Please excuse my ignorance, but I don't know bi-sexual 'behavior' if there is such a thing. I just know he isn't like any other man I've dated. Any one of these behaviors wouldn't raise an eyebrow, but more of them seem to keep appearing. He cooks chef-like meals, he knows designer labels, he has effeminate gestures, he purses his lips, he's very concerned about his looks, and his ear used to be pierced. All of this is nothing really, but there are a few things that worry me.

He calls a lot of guys 'fags', 'bisexual' or 'homosexual'. He is the most sexual man I have ever experienced, it's like anything goes, he has introduced me to 'snowballing' which I had never even heard of, and when I pleasure him orally he throws his legs up over his head. I think he wants me to stimulate him rectally, which I am not interested in at all. He has tried to do that to me, and I don't like it. He said he wants to do me anal. 

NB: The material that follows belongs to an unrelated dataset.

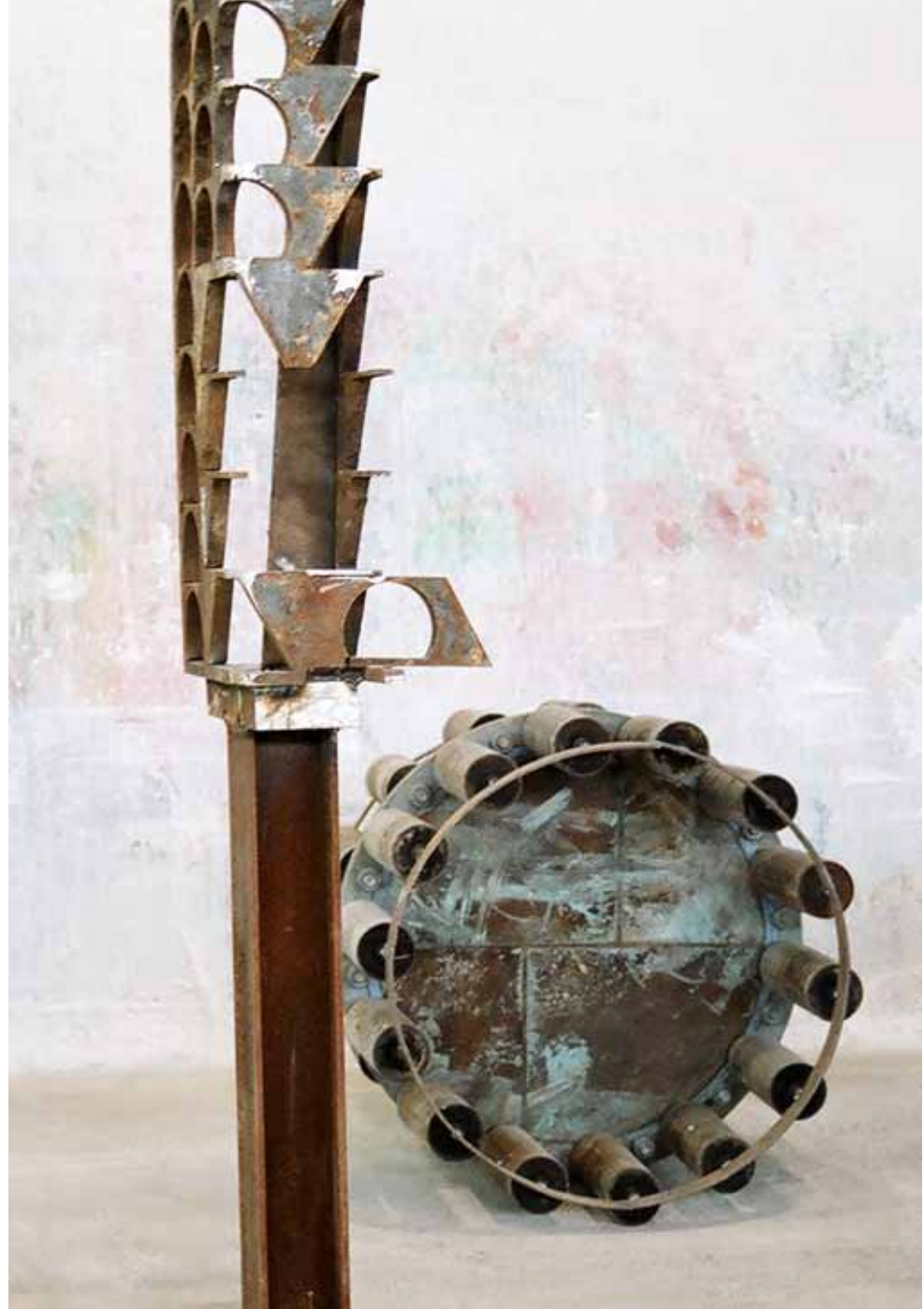
tel aviv | 2006 | metall | 90 x 90 x 300cm

About two months before our little 'bump' the effeminate behavior really intensified. At times, he would act SUPER feminine, and even changed his deep voice to a high pitched voice while acting like a girly girl. Now, I wonder if he was testing me to see my response. Maybe he wanted to tell me something? He has genius level intelligence and makes over $300k/yr. When he's traveling he usually doesn't call me at night the way he always does when he is at home.

Anyway, he seemed more than happy with me (and himself) until a month ago when all of a sudden, like a ton of bricks, he won't call me, answer the phone, or respond in any way for several days. When he finally responded, he gave a truly bogus excuse for doing this (I am suddenly terrible now). He did start emailing a little here and there. But, he's going on back to back business trips, which he hasn't done since January. He wants to get back together, but I don't want to if he's bi. Everything is great when it's great which is most of the time. But I hate when he travels, because it's like he just disappears. I know he goes out partying when he is on trips, because he said he does. We NEVER go out partying together. It's like he has a double life. I'm the comfy/cozy half, then he has his 'other life.' We live an hour apart.

In my 49 years, I had never had anyone want to kiss me after a blowjob. He really loves it, licking all of it up. Then, the 'legs over the head' thing. I had never seen a man do that. Then, all the feminine gestures lately just put me over. Now, everything else that was ever the least bit questionable seems to make sense. It scares me because he really does treat me better than anyone has. I also do wonder if he would have a need to be with men if he was bi. Our sex life is phenomenal, but I have no experience with this.

One other thing. He has tons of female friends who feel comfortable calling him for 'relationship advice.' He has only a few male friends, none of which live close.

How do I confront him about this, or, what is your opinion on his 'behaviors?'
Thank you for your time.

Okay, there's nothing really that positive here to indicate whether or not this man is into guys. [Read the post "Boyfriend with Secrets"  and you'll see the difference.] Your boyfriend acts campy at times, apparently thinks it's cute to imitate stereotypical homosexuals [the girly girl business], is interested in a greater variety of sexual acts than the men you've known before, but none of that means he's gay or bi. I admit most men -- especially straight men -- don't want to kiss someone who has just given them a blow job, but it's not positive proof of anything, although his licking his own semen is admittedly a little suspect. Surely you know that cooking skills, pierced earrings, and the other things you mention are not clues to gayness; there are as many straight guys who are into that stuff as there are gay men who aren't. And there are straight men who are into analism, even if it's not that prevalent.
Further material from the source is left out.